Bio Recovery
- Industry: Bio-hazard and Crime scene cleanup
- Founded: 1998
- Founder: Ron Gospodarski
- Key people: Victoria Vallone (CEO)
- Website: www.biorecovery.com

= Bio Recovery =

American company that handles crime scene and bio-hazard cleanups

Bio Recovery is an American company that handles crime scene and bio-hazard cleanups. The company assisted in the clean-up of the apartment of Craig Spencer, who worked with Doctors Without Borders, when he contracted Ebola, as well as a bowling alley he visited in New York.

==History==
Ron Gospodarski founded Bio Recovery Corporation in 1998 out of his apartment. Previously, he was a volunteer paramedic, and worked as operations manager in a Queens district attorney's office for six years.

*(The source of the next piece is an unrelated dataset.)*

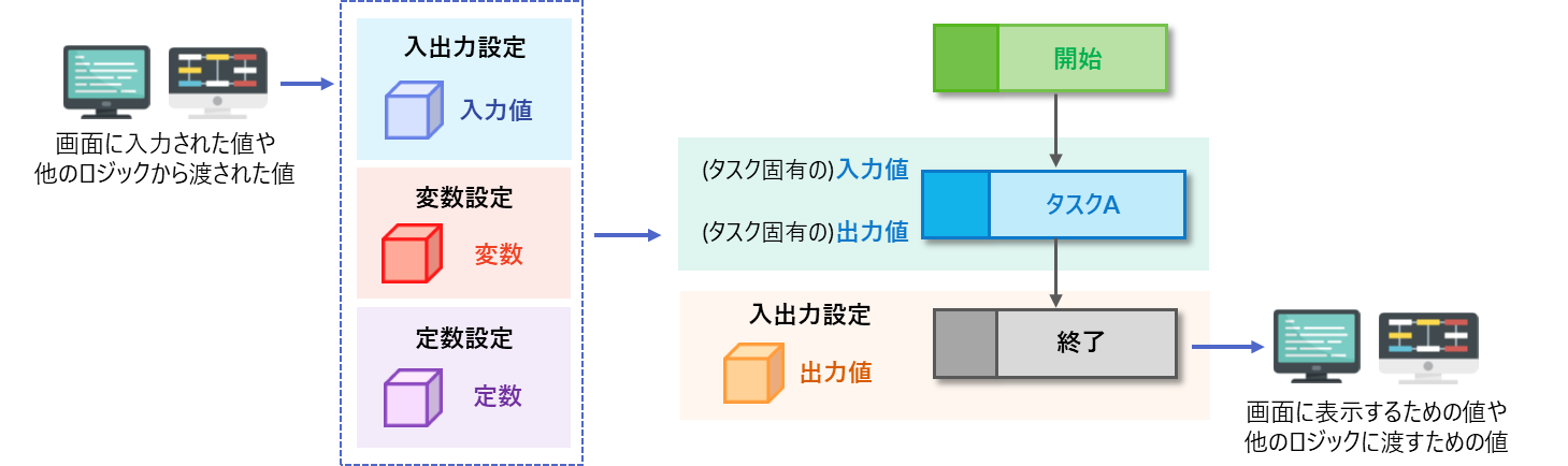 ここでは、ロジックフロー定義における3種類の値について確認します。
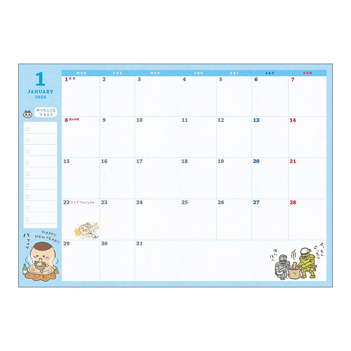 ちいかわのスケジュール帳が今年も登場!! たっぷり書き込めるB6サイズ! 1ヵ月の予定がひとめでわかる見開きマンスリータイプ(月曜始まり)のスケジュール帳です! メモページはノート感覚で使用できる「有罫メモ」と「ふきだしメモ」の2種類です。

After Ron Gospodarski died, the company was inherited by his sister, Fran Gospodarski, who later sold off the company to a local competitor, All Island Bio Recovery and Restoration, located in Ronkonkoma, New York.

== Work ==
Bio Recovery has cleaned accidents, suicide and homicide scenes, hoarding situations, anthrax outbreaks, sewage overflow, and other bio-hazard situations. A cleanup requires personal protective gear including a Hazmat suit or single-use non-porous suits, double-filter respirators and chemical spill boots.

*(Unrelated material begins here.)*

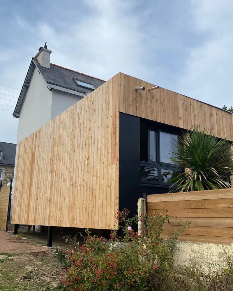 Ce projet d’extension, situé en zone urbaine dense, a été conçu pour s’intégrer harmonieusement à l’existant tout en apportant une touche de modernité. L’habillage de façade alterne des lames de cèdre naturel et des panneaux James Hardie, jouant sur les textures et les teintes pour créer un rendu à la fois sobre, contemporain et durable.

Bio Recovery worked on the 2000 Wendy's massacre in Flushing, Queens where five employees were killed during a robbery orchestrated by a manager and former employee. The cleanup took 65 certified technicians and two weeks to finish. The company also handled the crime scene clean for the triple murder above the Carnegie Deli in Manhattan. In 2001, Mayor Rudy Giuliani hired Bio Recovery to remove anthrax from several New York buildings. The company also cleaned anthrax from the ABC-TV headquarters. In 2003, the Regal Princess, a cruise ship struck by the Norwalk virus, was handled by Gospodarski and his team.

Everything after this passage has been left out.